◆ Task directions: Would you retype the whole listing verbatim, keeping pictures out of it?

◆ Data provided:
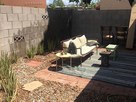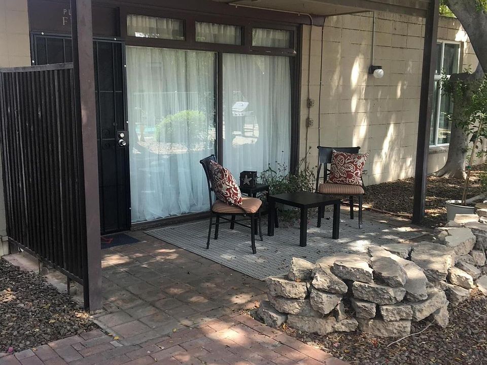 Mid-Century vibe to the Max!-Sandblasted exterior with wood/metal screens, large mature trees & floor to ceiling windows provide an oasis in Uptown Phoenix--This unit is single level, has the largest private patio in community off the rear with private entry from primary bedroom-Front patio sits poolside -Open floor plan with 2 on-suites-In unit laundry, remodeled kitchen with Island for prep and storage- Nice pantry space too-Great room/kitchen has skylights for natural light-Fabulous real Wood beamed hi-ceilings THROUGHOUT-ample parking-North/South facing--Community readying for paint job of new wood fencing--extra private storage closet is on property for bikes etc-seller also redid and sold unit #25 in same community--MLS listing 6444214--This property is Also for Ren
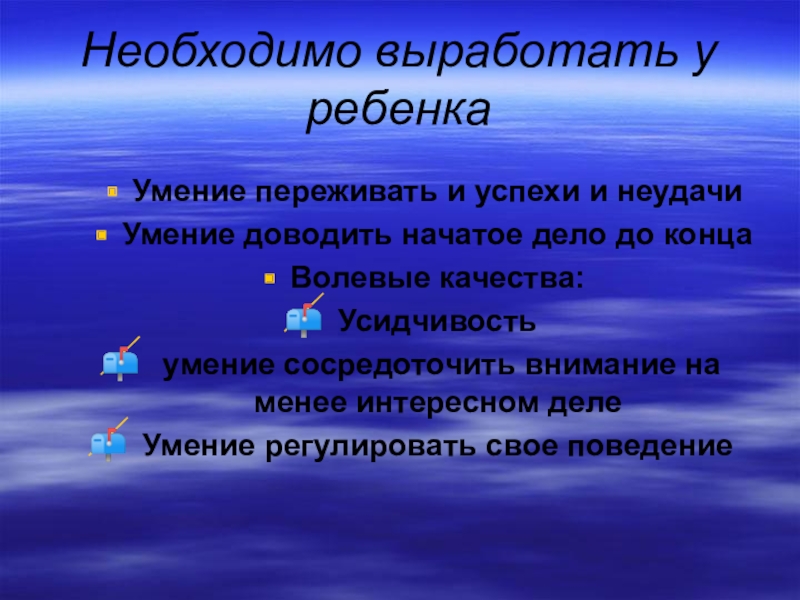 Необходимо выработать у ребенкаУмение переживать и успехи и неудачиУмение доводить начатое дело до концаВолевые качества:Усидчивость умение сосредоточить
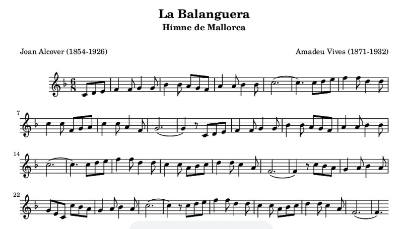 La resta és coneguda: dia 29 de maig de 1926 tengué lloc l’estrena de la composició de Vives a Barcelona, al Palau de la Música, per part de l’Orfeó Català, i el 28 de juny a Palma, al Teatre Líric, de la mà de l’Orfeó de Sabadell, ‘que fue escuchada por el auditorio en pie, sonando una estruendosa ovación hasta que fue bisada, repitiéndose los aplausos‘ (La Almudaina de dia 29). El dia abans ja n’havien interpretat ‘algunas estrofas’ al Círculo Mallorquín. La recepció va ser extraordinària i des del primer moment —reunia tots els ingredients perquè així fos– va assolir la condició d’himne oficiós de Mallorca. El Consell va declarar La Balanguera com a himne oficial de l’illa el 4 de novembre de 1996.

◆ Output of the exercise:
 Mid-Century vibe to the Max!-Sandblasted exterior with wood/metal screens, large mature trees & floor to ceiling windows provide an oasis in Uptown Phoenix--This unit is single level, has the largest private patio in community off the rear with private entry from primary bedroom-Front patio sits poolside -Open floor plan with 2 on-suites-In unit laundry, remodeled kitchen with Island for prep and storage- Nice pantry space too-Great room/kitchen has skylights for natural light-Fabulous real Wood beamed hi-ceilings THROUGHOUT-ample parking-North/South facing--Community readying for paint job of new wood fencing--extra private storage closet is on property for bikes etc-seller also redid and sold unit #25 in same community--MLS listing 6444214--This property is Also for Ren
 Необходимо выработать у ребенкаУмение переживать и успехи и неудачиУмение доводить начатое дело до концаВолевые качества:Усидчивость умение сосредоточить
 La resta és coneguda: dia 29 de maig de 1926 tengué lloc l’estrena de la composició de Vives a Barcelona, al Palau de la Música, per part de l’Orfeó Català, i el 28 de juny a Palma, al Teatre Líric, de la mà de l’Orfeó de Sabadell, ‘que fue escuchada por el auditorio en pie, sonando una estruendosa ovación hasta que fue bisada, repitiéndose los aplausos‘ (La Almudaina de dia 29). El dia abans ja n’havien interpretat ‘algunas estrofas’ al Círculo Mallorquín. La recepció va ser extraordinària i des del primer moment —reunia tots els ingredients perquè així fos– va assolir la condició d’himne oficiós de Mallorca. El Consell va declarar La Balanguera com a himne oficial de l’illa el 4 de novembre de 1996.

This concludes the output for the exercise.